A trail helps people explore the park without hurting plants or getting lost. Trails can be short and easy, or long and difficult.

National parks also have rules. Visitors may need to stay on trails, keep the park clean, and watch animals from far away. These rules help keep both people and nature safe.

Some national parks protect history too. They may have old buildings, special rocks, or places important to a country's story.

A national park is a place where people can enjoy nature and learn from it.
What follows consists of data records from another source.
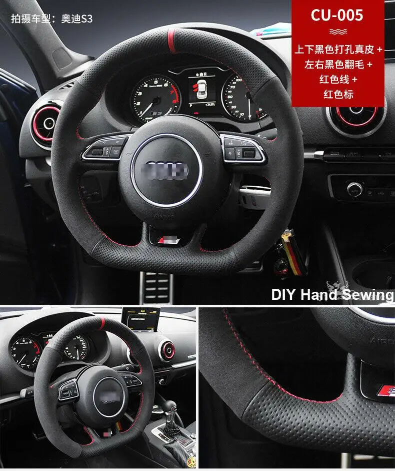 Сшитый вручную черный кожаный чехол на руль автомобиля для Audi S3
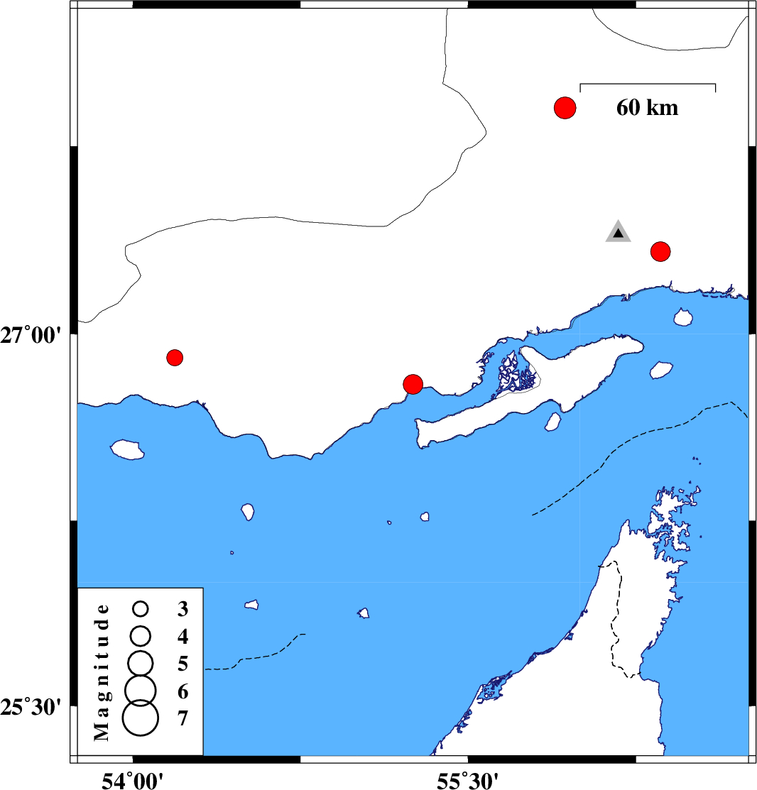 | 2023/01/04 | 16:19:58.4 | 19:49:58.4 | 26.798 | 55.253 | 12 | ML4 | Hormozgan Province, 50 km North-East of Bandar-e lengeh | ||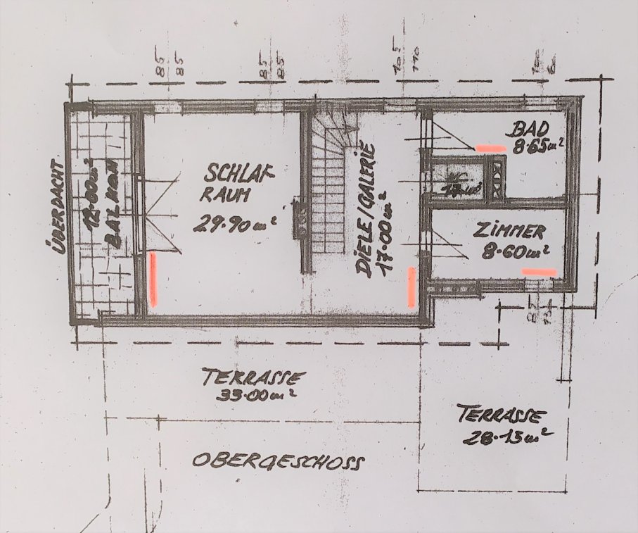 - großzügiger Schlafraum im Obergeschoss mit Zugang zum 12m² großen, überdachten Balkon
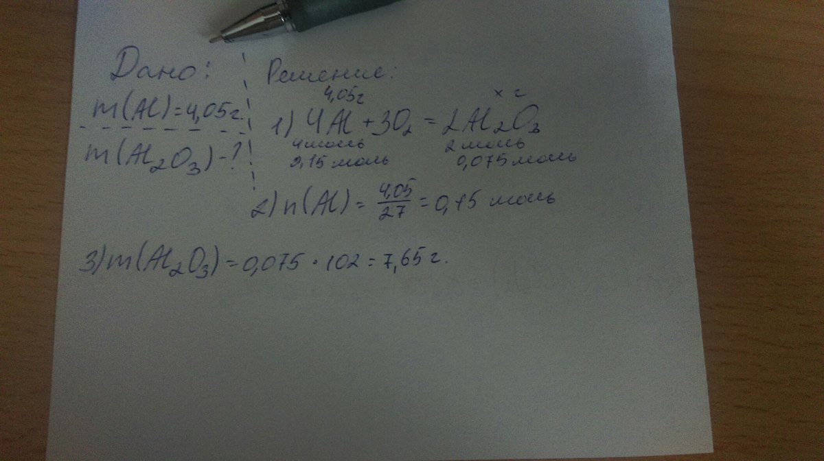 вычислите массу оксида алюминия которая образуется при полном сгорании в струе кислорода чистого алюминия массой 4.05 грамм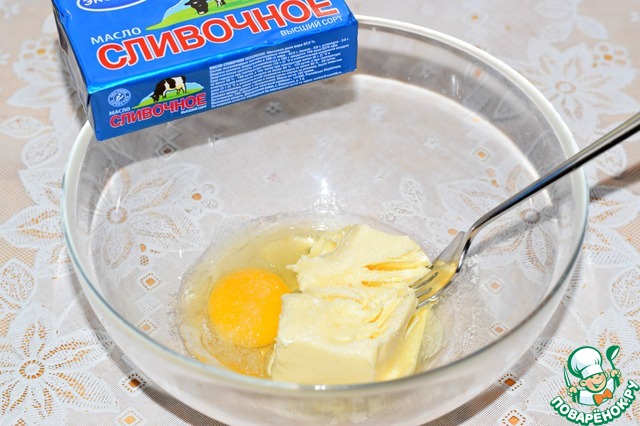 Размягченное сливочное масло (я использую сливочное масло ТМ "Экомилк" 82,5%) смешать с яйцом небольшого размера (С2), солью и сахаром. Полной однородности добиваться не надо, достаточно просто соединить ингредиенты.

It also helps protect special places for the future.

Infographic explaining protected land, wildlife, trails, visitors, and park rules
National parks protect nature and give visitors safe ways to enjoy it.

Key Vocabulary

Word Meaning Example
national park protected land kept for nature, history, or public use We visited a national park.
protect to keep something safe Parks protect forests and animals.
wildlife animals that live in nature Wildlife lives in the park.
trail a path for walking The trail went through the trees.
visitor a person who goes to a place Each visitor should follow park rules.

Reading Comprehension Questions

  1. What is a national park?
  2. What natural places can national parks protect?
  3. What can visitors do in many parks?
  4. Why are trails useful?
  5. Why do national parks have rules?

Answers

  1. It is protected land kept for nature, history, or public use.
  2. They can protect mountains, forests, rivers, lakes, deserts, and more.
  3. Visitors can hike, take photos, watch animals, camp, or learn.
  4. Trails help people explore without hurting plants or getting lost.
  5. Rules help keep people and nature safe.

Short Summary

A national park is protected land where people can enjoy and learn about nature. Parks also protect plants, animals, special places, and history.